- **Exercise brief**
Please set down exactly the lines of the listing below from the line containing "AsyncRAT also has" through the line containing "Dison Art Studio", both lines included, leaving out all other lines.
= = = = =
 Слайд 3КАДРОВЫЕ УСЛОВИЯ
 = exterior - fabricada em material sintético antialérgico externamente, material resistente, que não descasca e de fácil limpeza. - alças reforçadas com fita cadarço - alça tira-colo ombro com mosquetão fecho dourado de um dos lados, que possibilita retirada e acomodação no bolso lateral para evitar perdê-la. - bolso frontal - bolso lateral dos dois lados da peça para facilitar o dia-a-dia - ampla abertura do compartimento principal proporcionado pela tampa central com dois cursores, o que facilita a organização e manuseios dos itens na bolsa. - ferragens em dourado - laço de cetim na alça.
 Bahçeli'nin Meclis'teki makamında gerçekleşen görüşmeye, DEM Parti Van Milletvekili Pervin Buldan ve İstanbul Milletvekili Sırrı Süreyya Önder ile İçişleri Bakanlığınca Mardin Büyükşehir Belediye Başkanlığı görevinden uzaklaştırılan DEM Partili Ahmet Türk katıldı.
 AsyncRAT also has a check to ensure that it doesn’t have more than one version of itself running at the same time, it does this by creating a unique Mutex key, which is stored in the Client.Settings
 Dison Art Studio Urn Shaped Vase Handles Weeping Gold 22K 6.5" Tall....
= = = = =
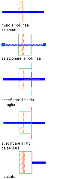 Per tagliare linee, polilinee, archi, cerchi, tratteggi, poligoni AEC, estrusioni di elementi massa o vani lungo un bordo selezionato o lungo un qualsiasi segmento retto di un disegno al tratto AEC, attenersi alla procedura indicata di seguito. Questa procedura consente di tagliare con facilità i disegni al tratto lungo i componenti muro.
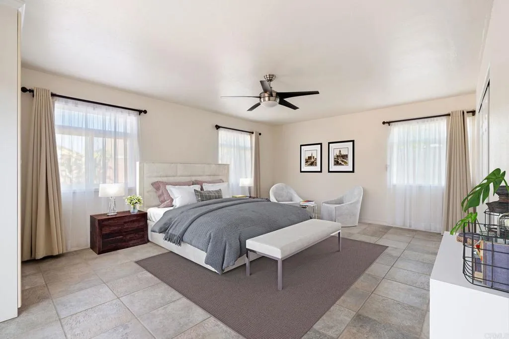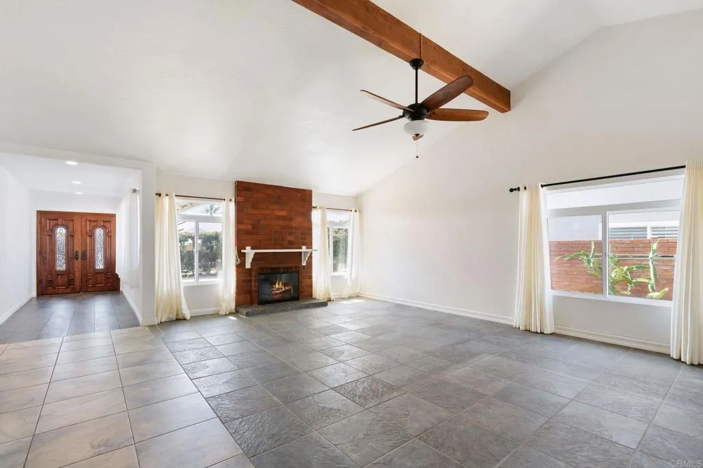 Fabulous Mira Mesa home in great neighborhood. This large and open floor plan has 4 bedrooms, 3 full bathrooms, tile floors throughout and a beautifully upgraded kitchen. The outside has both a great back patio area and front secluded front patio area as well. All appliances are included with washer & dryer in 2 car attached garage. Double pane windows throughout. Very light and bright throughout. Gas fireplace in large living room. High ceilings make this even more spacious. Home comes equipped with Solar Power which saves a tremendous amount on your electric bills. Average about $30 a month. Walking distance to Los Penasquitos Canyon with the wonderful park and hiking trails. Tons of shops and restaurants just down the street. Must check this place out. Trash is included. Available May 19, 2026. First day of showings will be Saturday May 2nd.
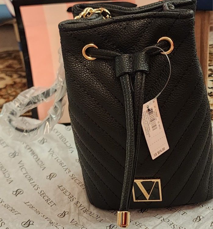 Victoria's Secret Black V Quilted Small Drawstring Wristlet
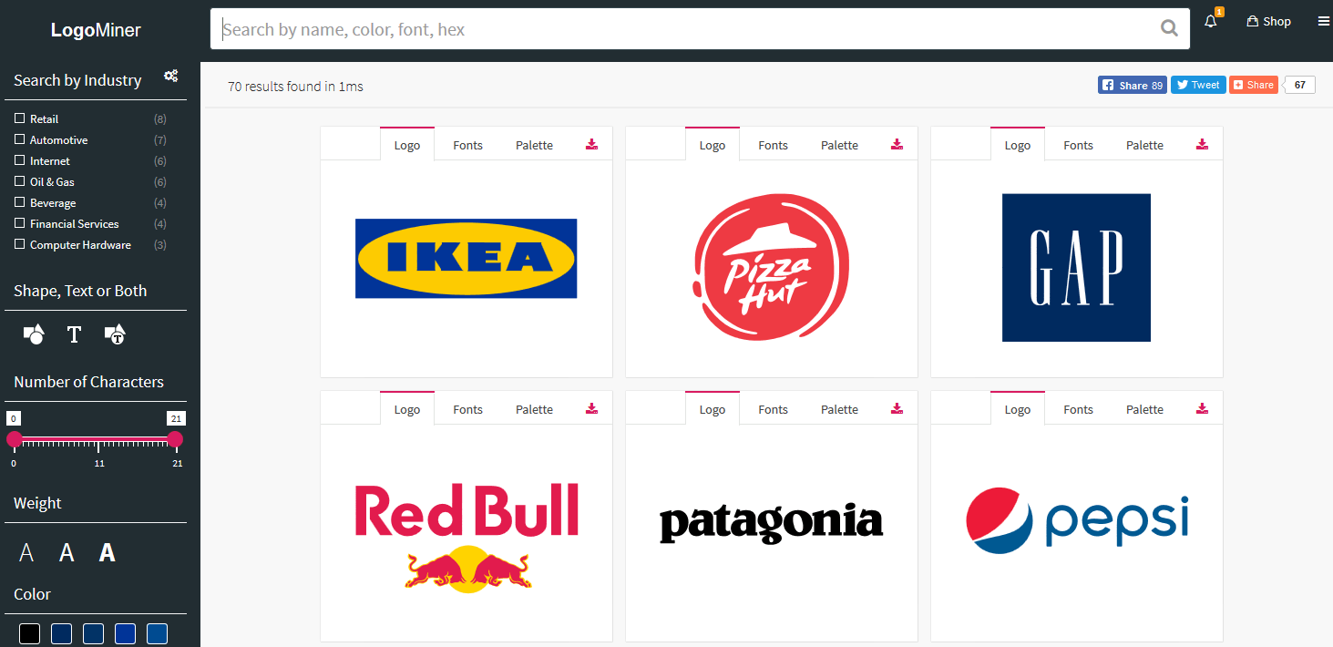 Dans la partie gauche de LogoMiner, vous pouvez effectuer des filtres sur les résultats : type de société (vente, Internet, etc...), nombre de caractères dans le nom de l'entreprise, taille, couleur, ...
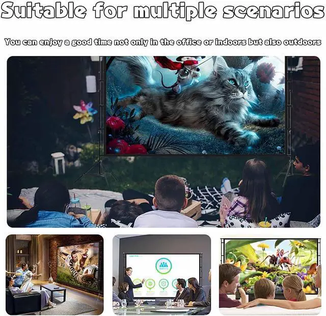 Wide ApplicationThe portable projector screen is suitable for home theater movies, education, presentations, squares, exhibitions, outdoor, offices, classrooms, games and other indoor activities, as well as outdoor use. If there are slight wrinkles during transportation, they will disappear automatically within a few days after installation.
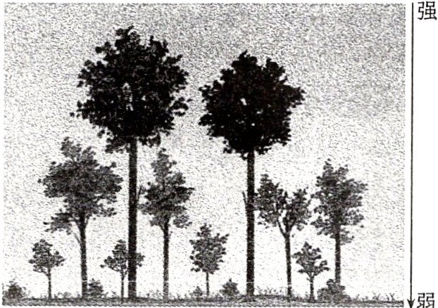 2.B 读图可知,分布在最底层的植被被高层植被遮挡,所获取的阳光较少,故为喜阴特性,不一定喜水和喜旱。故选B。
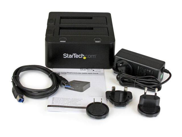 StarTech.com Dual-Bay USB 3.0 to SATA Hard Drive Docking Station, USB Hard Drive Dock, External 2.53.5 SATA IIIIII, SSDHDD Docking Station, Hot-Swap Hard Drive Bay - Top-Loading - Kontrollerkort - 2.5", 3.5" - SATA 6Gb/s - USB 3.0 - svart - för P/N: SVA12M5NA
= = = = =
- **Task result**
 AsyncRAT also has a check to ensure that it doesn’t have more than one version of itself running at the same time, it does this by creating a unique Mutex key, which is stored in the Client.Settings
 Dison Art Studio Urn Shaped Vase Handles Weeping Gold 22K 6.5" Tall....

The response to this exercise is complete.